Many of us purists consider this to be the true fans favorite, not as toweringly epic as its predecessor, Let There Be Rock, but as close to AC/DC pushing their own boundaries as they have ever got. Yes, it’s the same three chords, those same staccato monoliths of guitar courtesy of Malcolm Young, but it’s the bass player Cliff Williams, on his first album with them, that has a profound impact on it (one which they sadly didn’t revive as they gradually descended off this creative high plateau). His playing borders on funky at times—yes, I am still talking about AC/DC—and it lifts many of the tracks out of the band’s usual, starting-to-tarnish approach.
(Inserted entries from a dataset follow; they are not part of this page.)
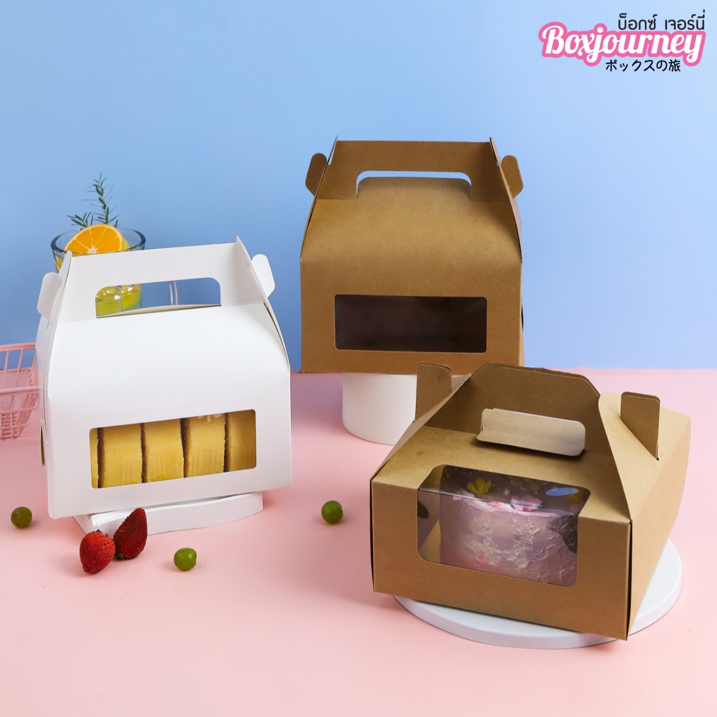 Boxjourney กล่องเค้กหูหิ้วมีหน้าต่าง 9x17x9 ซม.(20ใบ/แพค)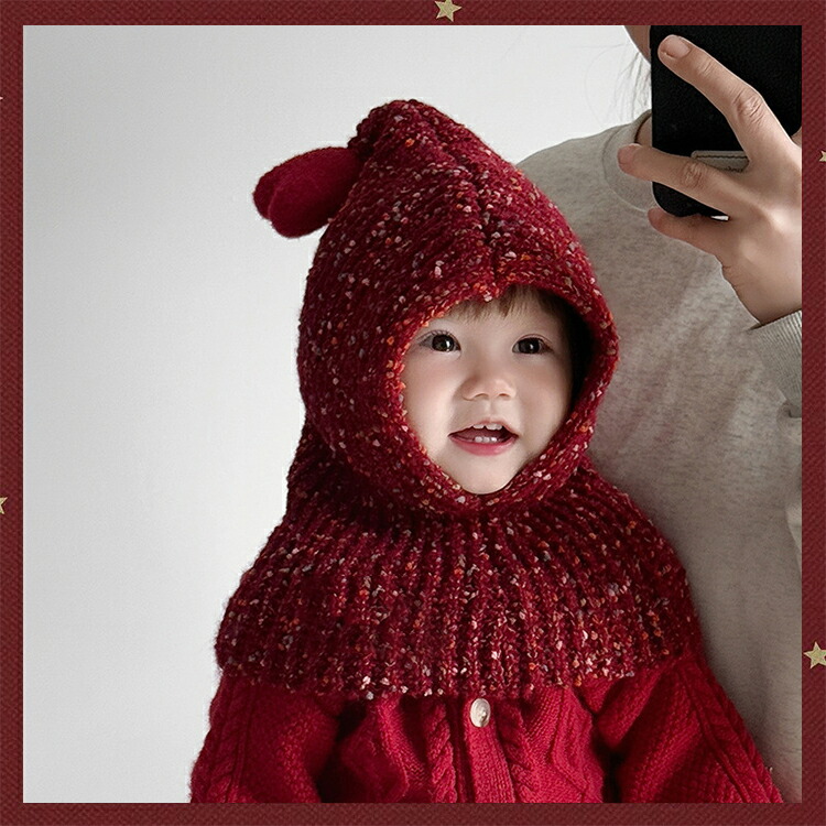 ベビー バラクラバ フードウォーマー クリスマス SNS映え かわいい 帽子 ネックウォーマー フード付き 女の子 男の子 秋冬 寒さ対策 防風 調節可能 キッズ 暖かい 子供 通園 柔らかい
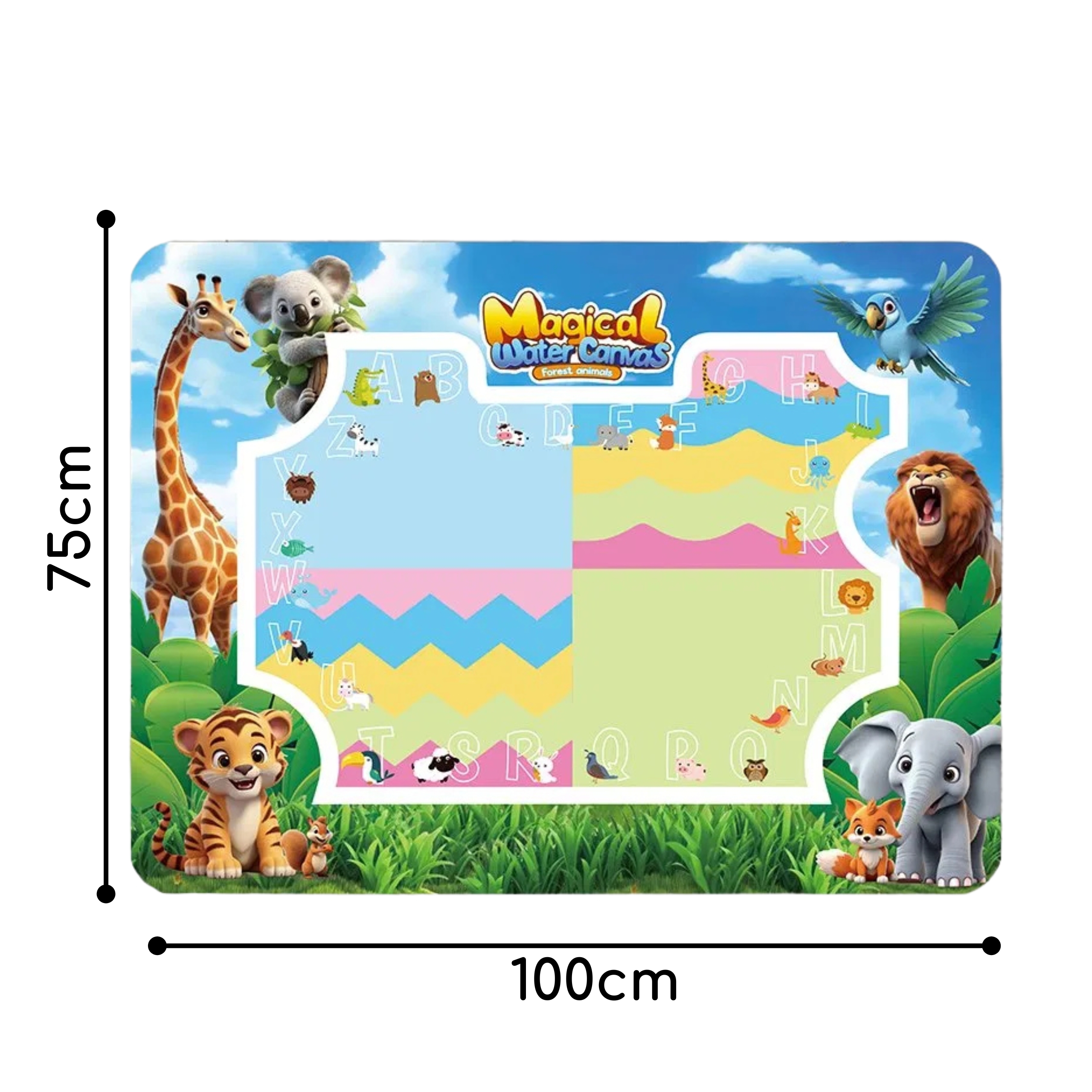 Laste veematt joonistamiseks on ideaalne vahend loovuse ja õppimise edendamiseks. See võimaldab lastel avastada värve, tähti, numbreid ja kujundeid ilma tindi või värvide kasutamiseta. Suure formaadiga matt pakub piisavalt ruumi, et joonistada koos perega ning lõbusad džungliloomade pildid julgustavad õppimist läbi mängu.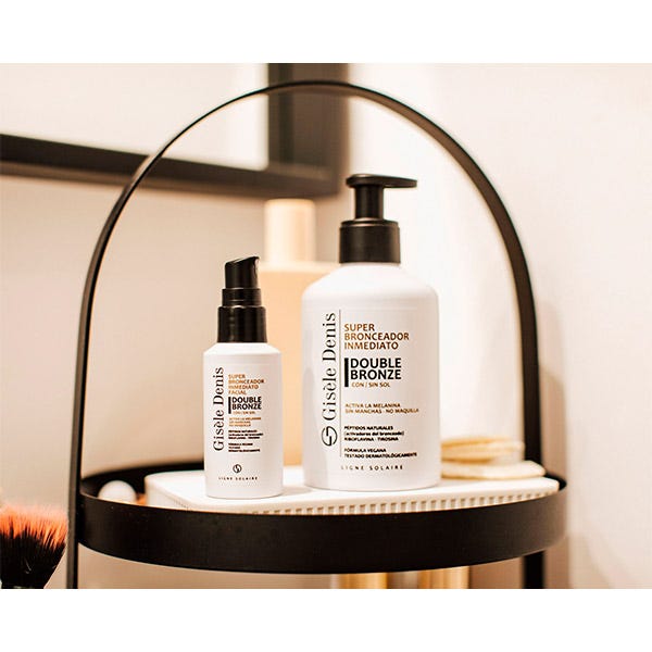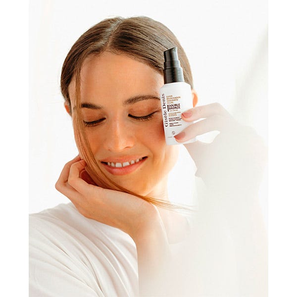 El Super Bronceador Inmediato Facial Double Bronze de Gisèle Denis genera y potencia el bronceado de forma natural proporcionando un tono dorado y uniforme en tu rostro. Su innovadora fórmula ejerce una doble acción sobre los melanocitos e incorpora activos que estimulan la síntesis de melanina para obtener un bronceado natural a partir de los cinco días de uso.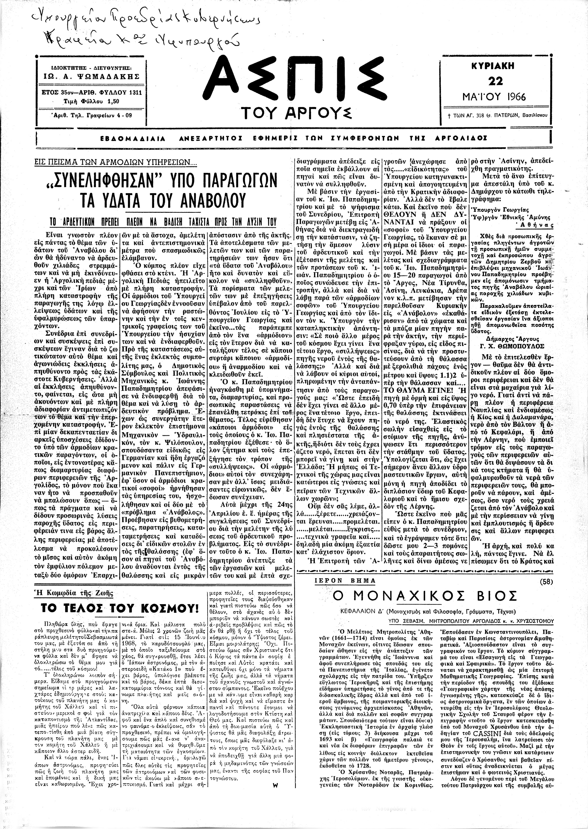 Ασπίς του Άργους, Αρ. Φύλλου 1311, 1966. Έτος Έκδοσης: 35ο. Τίτλοι πρώτης σελίδας: Εις πείσμα των αρμοδίων υπηρεσιών: «Συνελήφθησαν» υπό παραγωγών τα ύδατα του Αναβόλου – Η κωμωδία της ζωής, το τέλος του κόσμου! – Ιερόν βήμα, ο μοναχικός βίος.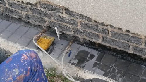Damp plaster in all affected areas would be removed to height damp has risen. By Drilling 3 holes per brick-10mm dia – 90mm depth an injecting a silicone resin, which cures in contact with water, into the brickwork immediately above floor level, the path of moisture migration will be dissected by an impermeable layer resisting any further capillary action.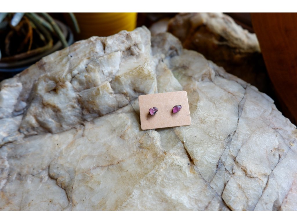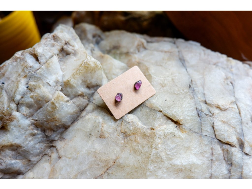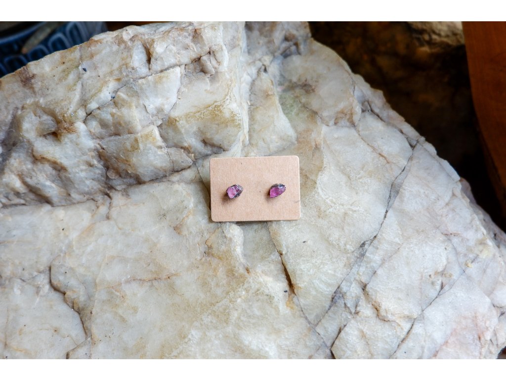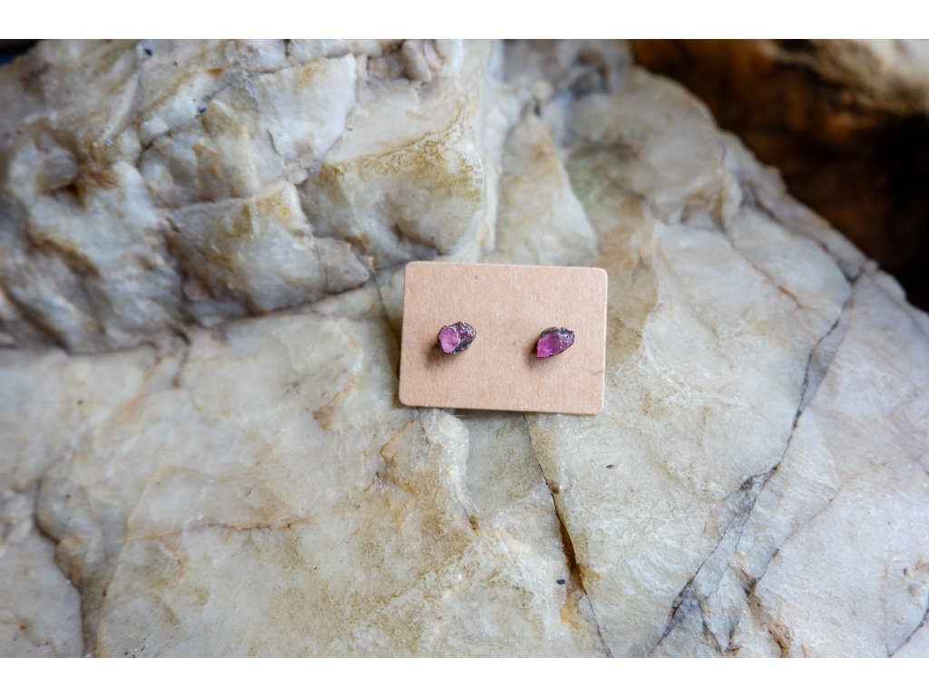 Náušnice jsou vytvořené galvanizační technikou z mědi a růžových turmalínů, puzety jsou z chirurgické oceli.
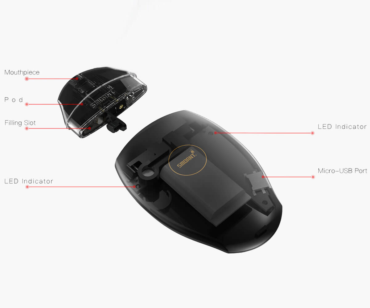 Ein gut zu erreichender USB – Port wird zum Aufladen der verbauten 370mAh Akku – Kapazität genutzt. Ohnehin ist es ein sehr benutzerfreundliches Pod – System, bei dem alle Bedien/Nutz – Elemente komfortabel erreich – oder austauschbar sind. Durch den verbauten Chipsatz wurden diverse Sicherheiten installiert, die für den Schutz beim Laden und Nutzen sorgen.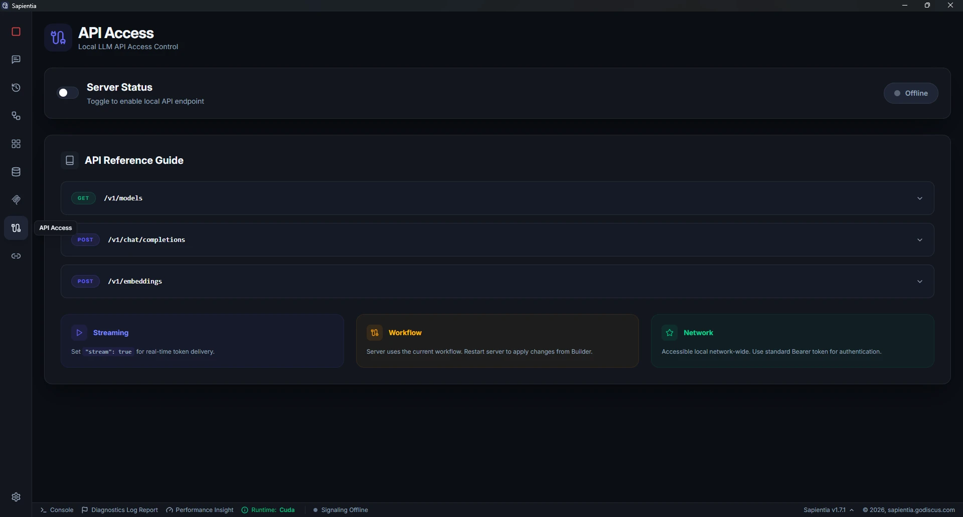 Built-in HTTP server for programmatic access to AI capabilities. Connect external applications and tools to Sapientia, all running locally on your machine.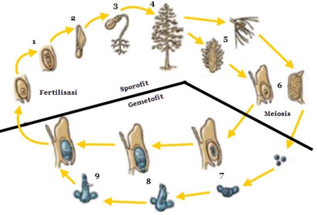 Organ reproduksi pada gymnospermae disebut konus atau strobilus. Tumbuhan berbiji terbuka tidak memiliki bunga, sporofil terpisah-pisah atau membentuk srobilus jantan dan betina. Makrosporofil dan makrosporangium yang tampak menempel pada strobilus betina. Letak makrosporofil dan mikrosporofil terpisah. Sel kelamin jantan berupa spermatozoid yang masih bergerak aktif. Di dalam strobilus jantan terdapat banyak anteridium yang mengandung sel-sel induk butir serbuk. Sel-sel tersebut bermeiosis dari setiap sel induk terbentuk 4 butir serbuk yang bersayap. Pada strobilus betina terdapat banyak arkegonium. Pada tiap-tiap arkegonium terdapat satu sel induk lembaga yang bermeiosis sehingga terbentuk 4 sel yang haploid. Tiga mati, dan satu sel hidup sebagai sel telur. Arkegonium ini bermuara pada satu ruang arkegonium.

It also features some of Angus Young’s best blues playing and as a guitarist I’m adamant that at heart, he is a blues player (even if he did lose that plot for a while in the 1980s). Lastly, I enjoy the irony here of AC/DC being pushed out of their comfort zone at the behest of the record company, and trying in their own way to finally have a hit single (with the Stones-y “Rock ‘n’ Roll Damnation”). Two years later having hit singles ceased to be a problem for them over the next four decades.

3

Passion: Music for The Last Temptation of Christ, Peter Gabriel

This is an album I’ve often inadvertently used to ridicule my own lack of abilities, as it’s a stunning work by an incredibly accomplished artist. A proper artist, not a journeyman like me. The fact that it is a film soundtrack takes away nothing from the emotional ebbs and flows, the extraordinary power and subtlety Peter Gabriel uses, helped by a typically eclectic mix of musicians. This is an absolute gem, albeit one I find hard to listen to because I could never hope to achieve something as effortlessly evocative as this.

4

Daydream Nation, Sonic Youth

For me, this is their absolute zenith. All bands have a point at which everything comes sharply into focus; they leap several levels without trying, where they hit the button and accelerate into hyperspace. The first two tracks of the trilogy, “The Wonder” and “Hyperstation,” you can use as a soundtrack to describe the journey of a life, or the narrative of an acid trap, or… You get the idea. It’s epic stuff: brutal, doomy, but also hauntingly melodic and moving. A major influence on the sound of Jesus Jones and an album that’s lodged in my soul forever.

5

Molten Beats, RAM Trilogy

Molten Beats is an immaculate snapshot of a period in time, a time in the mid-to-late ’90s when the feebleness of Britpop was being highlighted by the heavyweight rock ‘n roll of drum ’n’ bass. I’d already come through a period of hearing music the like of which I’ve never heard before, week after week in Techno clubs, but going to Metalheadz at the Blue Note in Hoxton every week, you could experience music that you felt—violently—with bass so massive and tweaked that it would shake your internal organs. For a musician, having a form of music that escaped one dimension and smashed another was mind-boggling, thrilling. This is not to denigrate it, but for me, there is a straight line between being an AC/DC fan and loving drum ’n’ bass from this era: the same beat on almost every track, the same approach that bordered on formulaic—all of which was rendered utterly irrelevant by this tsunami of sound made physical. Molten Beats has track after track after track that nailed this, that featured in those Blue Note nights. And I still hanker after snare drums that sound like dustbin lids.